While many throughout Washington state are excited about pandemic restrictions coming to an end this weekend, Seattle’s luchador community says they’re struggling to come to grips with what the lifted mask mandate means for their secret identities and colorful zoomorphic masks.

“In addition to giving me superpower suplex powers, masks also protect my secret identity as an accountant for Deloitte & Touche,” said local luchador El Avispón Asesino. “And, if you ask me, we’re all safer when we’re walking around wearing a colorful mask that makes you look like a playful murder hornet that could festively body-slam you at any moment.”

Many bystanders watching the luchadors protest the lifted mask mandate in Olympia today said they took their message to heart.

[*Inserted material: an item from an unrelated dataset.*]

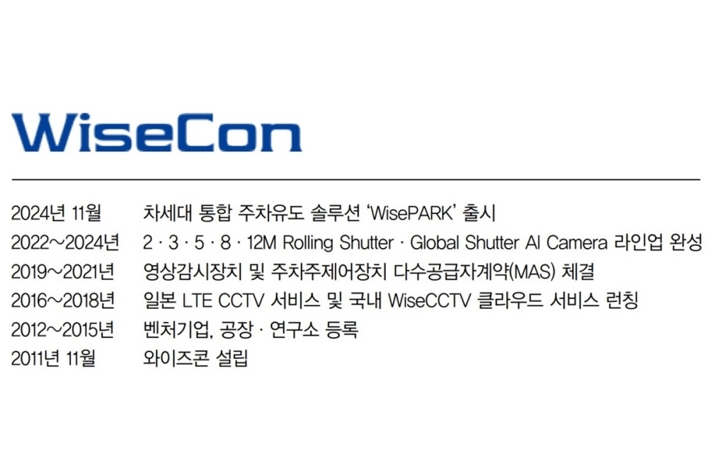 Q. ‘지속 가능한 지혜(Continue to be Wise)’라는 철학을 사명에 담은 와이즈콘은 어떤 회사인가요? 와이즈콘은 온디바이스(Edge) AI 카메라와 이를 기반으로 한 ITS(Intelligent Transport Systems), LPR(License Plate Recognition) 및 주차관제 솔루션을 직접 개발·생산하는 시각 지능 카메라 기업입니다. 2000년대 초반, IP 카메라 초기 기술을 개발하던 멤버들이 합심해 2011년에 설립했습니다.

“I mean, I think they’re right. Do you know how much I look like Kitana from Mortal Kombat when I wear my mask? I look pretty hot honestly, and I’m not sure I’m ready to give that up,” said Natalie Ruiz. “I also don’t think I’m ready to see everyone’s whole face again – that’s scary enough on its own.”

Meanwhile, anti-maskers say they will demand luchadors finally remove their masks or they’ll ask Florida Gov. Ron DeSantis to fly over and shame them personally.

“Last I heard, you can still bring a folding chair with you wherever you want, no mask necesssary,” said local anti-masker Sharon Reilly. “When does it end? The masks, the capes, the boots and the singlets have to come off at some point.”

At press time, the Seattle luchador community’s anti-mask-lifting coalition had already doubled thanks to the unequivocal support of Seattle’s local furry and BDSM communities.